L'élaboration de cette loi est un travail au long cours qui a commencé voilà un an et demi, au lancement des états généraux de l'agriculture et de l'alimentation. Nous l'avons construite ensemble, avec tous les acteurs de la chaîne agricole et alimentaire réunis autour d'une même table. L'esprit des états généraux de l'alimentation, c'est ce travail collectif que nous avons réussi à mettre oeuvre, au-delà des postures idéologiques et politiques parfois tenaces. Cette philosophie ne doit pas s'arrêter au vote de la loi : nous devons la poursuivre en accompagnant les acteurs dans l'application des mesures que nous avons votées. Au total, nous avons passé 45 heures en commission des affaires économiques et 109 heures dans cet hémicycle, pour plus de 6 300 amendements discutés depuis la première lecture du texte en commission.
Parce qu'il y a urgence dans nos campagnes et que la souffrance de nos agriculteurs s'est même accentuée cet été avec la sécheresse, nous avons adopté des mesures fortes pour réformer radicalement le modèle agricole et alimentaire français. Nous tous, agriculteurs, consommateurs, distributeurs et industriels, avons pris conscience que notre modèle agricole et alimentaire français était à bout de souffle. Pour que nous ayons sur nos étals des produits de qualité, locaux et respectueux de l'environnement, nos producteurs doivent avoir les moyens de les produire.
L'objectif du titre I du texte est de leur permettre de vivre de leur métier. Dorénavant, les paysans auront de réels moyens pour reprendre la main dans les négociations commerciales agricoles. Cette loi leur assurera plus de transparence et de sécurité dans cette période qui était source de stress pour nombre d'entre eux. Ce sont désormais les producteurs agricoles qui proposeront le prix de leurs produits à leurs premiers acheteurs, en prenant en compte leurs coûts de production. Cette question, certes technique, est un pas important pour mieux rémunérer le travail des agriculteurs à sa juste valeur.
Le prix que les agriculteurs mettront sur la table des négociations se fondera sur des indicateurs de coût et de prix validés par l'ensemble des acteurs de chaque filière agricole. Ainsi, les producteurs, les distributeurs et les transformateurs devront se mettre d'accord sur ces indicateurs au sein de leur interprofession avant de débuter les négociations.
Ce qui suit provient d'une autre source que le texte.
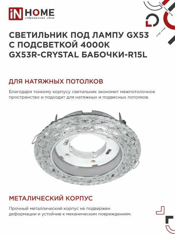 Светильник встраиваемый GX53R-crystal БАБОЧКИ-R15L с подсветкой 4К под GX53 Прозрачный/Хром IN HOME информация:

Les interprofessions seront accompagnées dans ce travail : elles pourront demander l'avis de l'Observatoire de la formation des prix et des marges des produits alimentaires, l'OFPM, et l'appui du médiateur des relations commerciales agricoles pour élaborer leurs propres indicateurs, les diffuser et parvenir à un compromis.
Dans un second temps, les relations entre les producteurs et les distributeurs seront strictement dénoncées grâce au rôle renforcé de l'Autorité de la concurrence et du médiateur des relations commerciales agricoles, qui aura un pouvoir de nommer et dénoncer, ou « name and shame ».
La guerre des prix, qui détruit la valeur des produits alimentaires, est mortifère pour nos agriculteurs. Nous avons décidé d'agir efficacement pour y mettre fin, grâce à l'encadrement des promotions et au relèvement de 10 % du seuil de revente à perte. Je rappelle à un célèbre distributeur, professionnel avant tout de la communication, que, pour réduire ses marges, on n'est pas obligé de réduire le prix de vente, mais qu'on peut aussi augmenter le prix d'achat – mais il semble qu'il ne l'ait toujours pas compris et souffre, en la matière, d'une certaine hémiplégie.